Thanks for the nice comments everyone, I am glad you liked my photos and the write up. It does take a little extra time with adding the text in a 'walk through' style but it is worth it, especially when people like yourselves appreciate it.

Mikey make it quick as the place is getting more trashed by the week. Well worth the visit.

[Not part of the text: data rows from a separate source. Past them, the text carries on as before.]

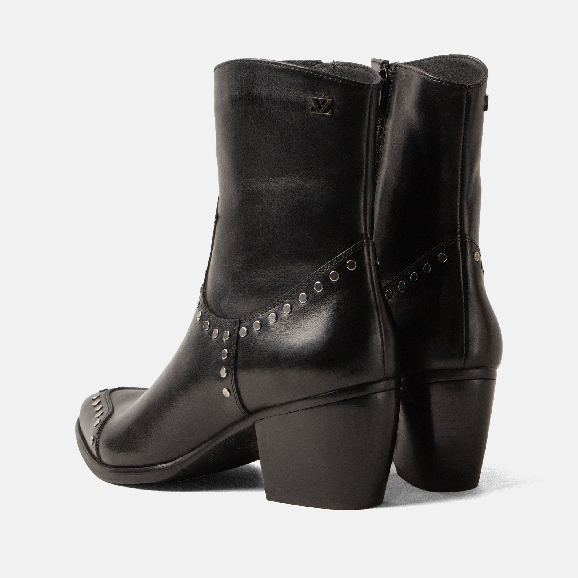 Black Leather Ankle Boots with Block Heel and Studs
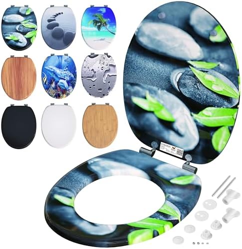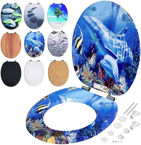 Der Toilettensitz kommt in einer eleganten O-Form (45,7 x 38 cm) und ist mit verschiedenen Motiven erhältlich. Er ergänzt das Design Ihres Badezimmers auf eine praktische und stilvolle Weise, sodass sowohl Funktionalität als auch Ästhetik berücksichtigt werden.
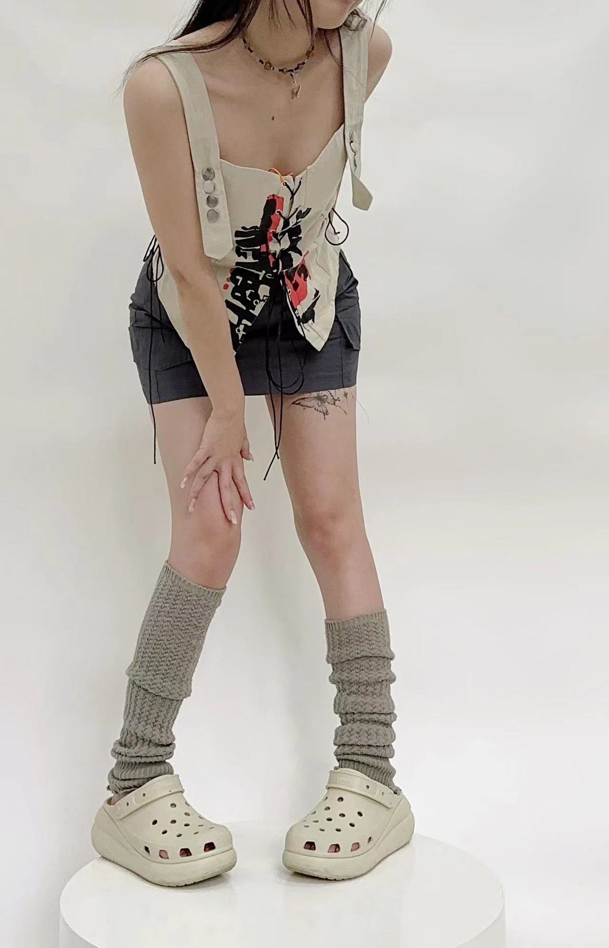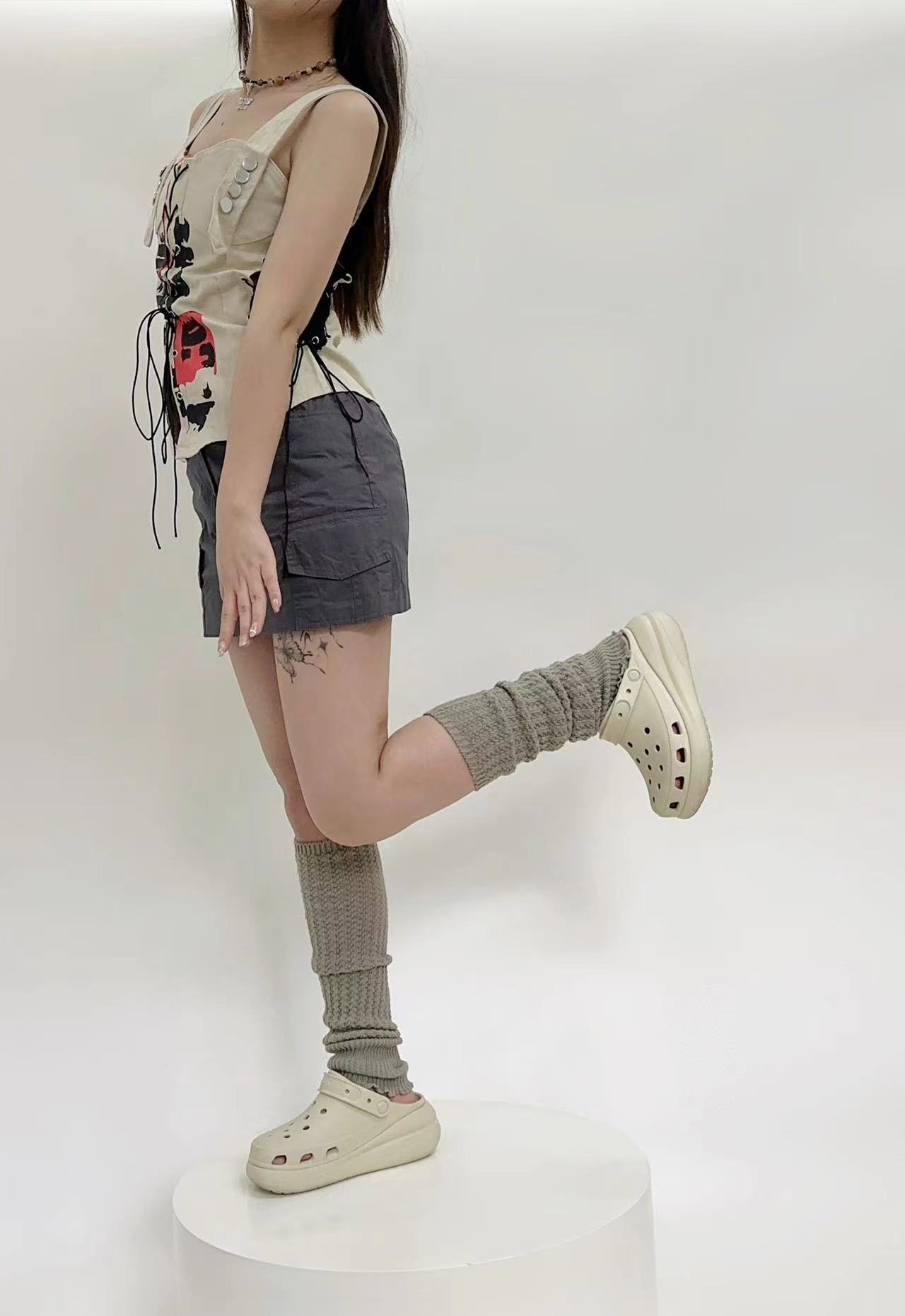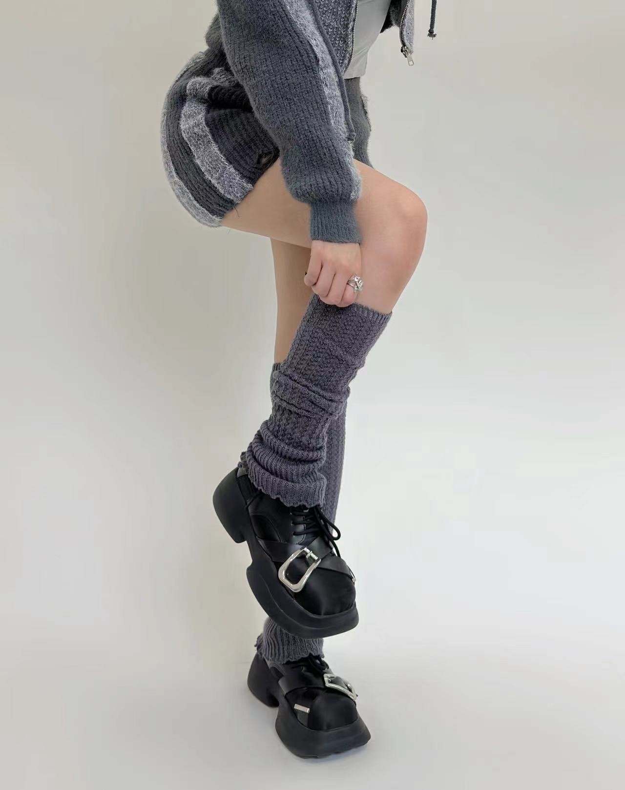 Otoño e invierno Nuevo alargado espiga de trigo oreja de madera funda para pierna calcetines de pelo de lana tejidos de punto calcetines hasta la pantorrilla para mujer
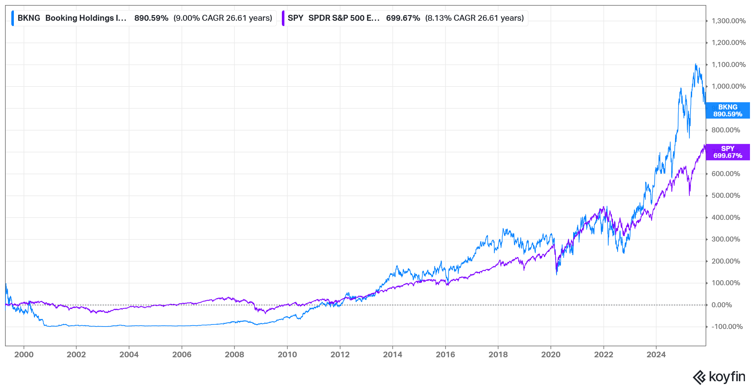 Today, Booking is a ~$155 Billion market cap company and despite IPO-ing during the super hot tech bubble period, Booking still managed to generate a respectable ~9% CAGR over the last two and half decades. And if you’re one of the lucky ones to bottom tick the stock after it crashed, it was almost a 1,000-bagger!
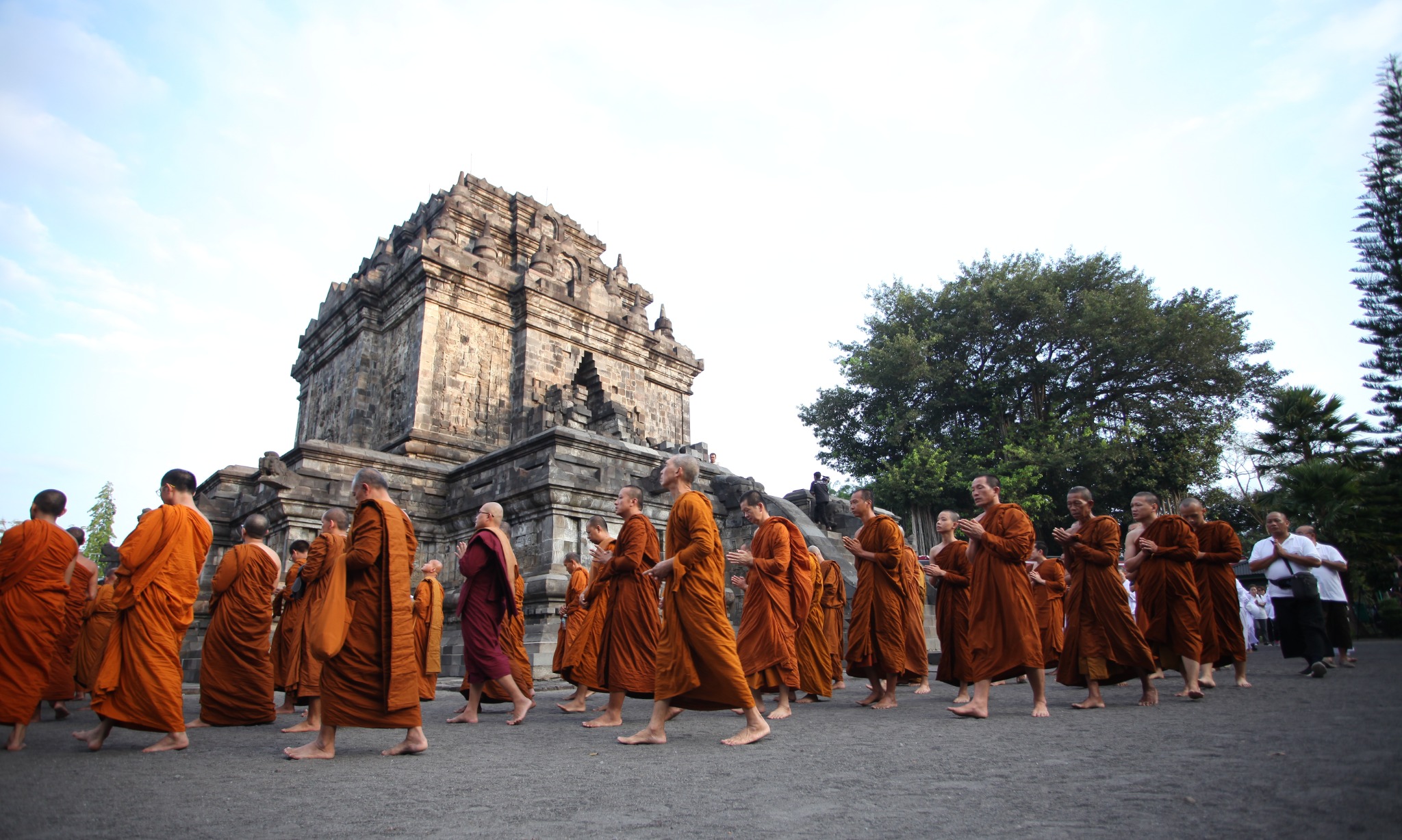 Sejumlah biksu berada di Candi Mendut, Magelang, Jawa Tengah. Shutterstock/oky prasetya aji pratikno

Baz, the park was very quite & peaceful, I sat down a few times just soaking in the atmosphere. Such a contrast to the hectic daily routines lots of us live.

Thanks again everyone,

Dugie


----------



## flyboys90 (Jun 25, 2015)

Superb report and images,really enjoyed this post.


----------



## oldscrote (Jun 25, 2015)

Just one word Brilliant...........


----------



## jakee (Jun 25, 2015)

I was reading an article on this place the other day. I thought it had all been demolished. I'd love to visit some day. 

Great photos by the way.


----------



## degenerate (Jun 25, 2015)

Really nice pictures, I know some people are sick of seeing Camelot posts but I always like them especially when they look like this!


----------



## Dugie (Jun 26, 2015)

Thanks again everyone for the comments & likes.

Dugie


----------



## BikinGlynn (Jun 26, 2015)

Some excellent pics there, my favourite I have seen of this place. Thanks


----------



## maxmix (Jun 26, 2015)

Great report, especially enjoyed your writing about the place, your visit - Superb!!


----------



## Dugie (Jun 29, 2015)

BikinGlynn said:


> Some excellent pics there, my favourite I have seen of this place. Thanks





maxmix said:


> Great report, especially enjoyed your writing about the place, your visit - Superb!!



Thanks fellas.

Dugie


----------



## UrbanX (Jul 1, 2015)

Fantastic and thorough report. Commentary and amazing photos had me hooked the whole way through! 
Just brilliant, thanks for sharing


----------



## Dugie (Jul 1, 2015)

UrbanX said:


> Fantastic and thorough report. Commentary and amazing photos had me hooked the whole way through!
> Just brilliant, thanks for sharing




Thanks mate and you are welcome 

Dugie


----------